Obama seems now to be aware that the populace is becoming increasingly alarmed at these unprecedented budget deficits. His speech proposed a meager deficit reduction — about $400 billion over ten years.

The big question is how much stomach the Republicans have to push for steeper cuts. The public is now aware of the problem but is still fiscally incontinent: it favors cutting the budget generally but opposes cutting specific popular programs. Even Tea Party members typically support the major entitlement programs (Medicare, Medicaid, and Social Security) that are metastasizing most rapidly.

There are slight signs that the Republicans may strap on some stones and step up to the plate. Orrin Hatch (R-UT) has once again proposed a balanced budget amendment, stronger than the amendment that failed by one vote in the Senate 14 years ago. Hatch’s version would require a two-thirds majority for Congress to raise taxes. But while a dozen Republican senators have signed on, no Democrats have, indicating that this has little chance of passing.

Sen. David Vitter (R-LA) has raised the deficit issue in a different way. He has asked the administration to provide actual figures on the drop in offshore drilling revenue collected by the federal government. That information would show us just how much the Obama slowdown of offshore drilling has and will cost the government in revenues, and hence added to the deficit. One calculation puts the amount of lost revenue due to lower production in the Gulf at about $3.7 million a day.

But most interesting is the legislation introduced by Rep. Jim Jordan (R-OH) and Sen. Jim DeMint (R-SC) that would cut the deficit by $2.5 trillion over ten years. Some of the savings would come from the elimination of a number of programs and agencies, such as the US Agency for International Development (savings: $1.39 billion a year) and from cutting the subsidies of the Corporation for Public Broadcasting ($445 million a year), Amtrak ($1.5 billion a year), and high-speed rail ($2.5 billion a year). But most of the savings would come from rolling back all non-defense discretionary spending to 2006 levels across the board, and keeping it there until 2021.

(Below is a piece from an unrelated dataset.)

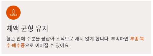- 혈관 안에 수분을 붙잡아 체액이 조직으로 새지 않게 돕습니다. 알부민이 부족하면 수분이 밖으로 빠져 부종(붓기), 복수, 폐에 물이 차는 문제로 이어질 수 있어요.
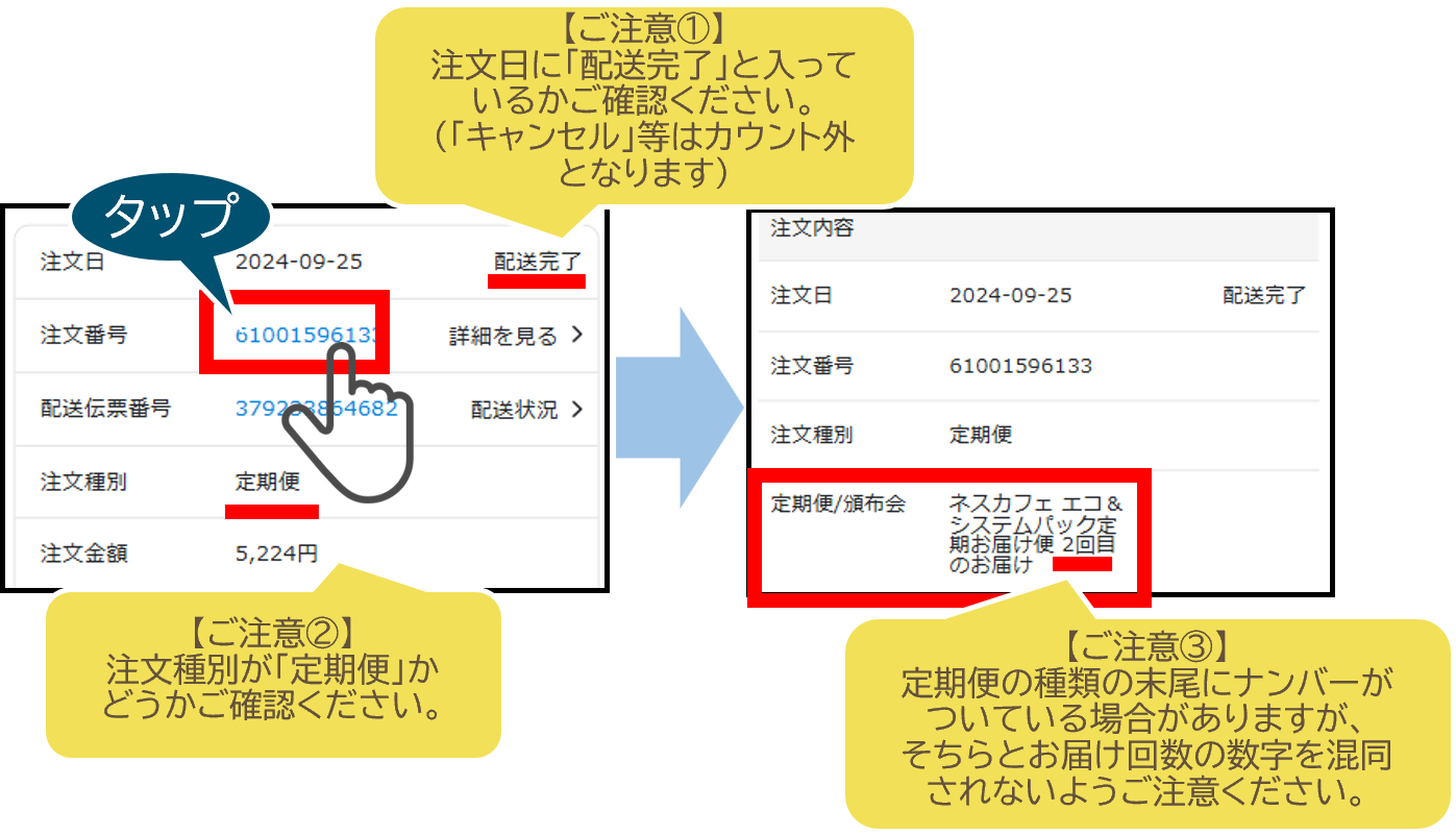 以下の手順にてご確認ください。①マイページの「注文履歴」をタップしてください。②注文番号をタップすると、注文内容に定期お届け便の種類とお届け回数が記載されているのでそちらをご参照ください。

It is unlikely that this proposal will even come to a vote in the Senate, much less be signed into law by Obama. Even if it did, as exemplary as it is, it would not address the real threat, which is the “Entitlement Explosion” — the ballooning costs of Medicare, Medicaid, and Social Security, costs that are going to drive the country’s economy to the wall as the Baby Boomers quite predictably age, retire, and sicken. In fact, the CBO just reported that this year Social Security will run a deficit of $45 billion (or $130 billion, if the cut in payroll taxes is included), and will continue to run deficits until the bogus “trust fund” is exhausted in 2037. As late as last year, please note, Social Security was projected to run surpluses until 2016.

The entitlement programs are what really endanger the country (and I haven’t even mentioned the state employee pension fund liabilities). The American people haven’t yet reached what I call the public-choice tipping point, the point at which a problem becomes so large that it is no longer rational for the average citizen to be ignorant of it. So the Republicans may do a little by way of deficit reduction, but I wouldn’t hold out hope that they will do a lot — the public isn’t there quite yet.

Give it a few more years, and a bout of high inflation . . . and that may finally do the trick. By then, of course, the economy will be in ruins. Rational ignorance is such a bitch, isn’t it?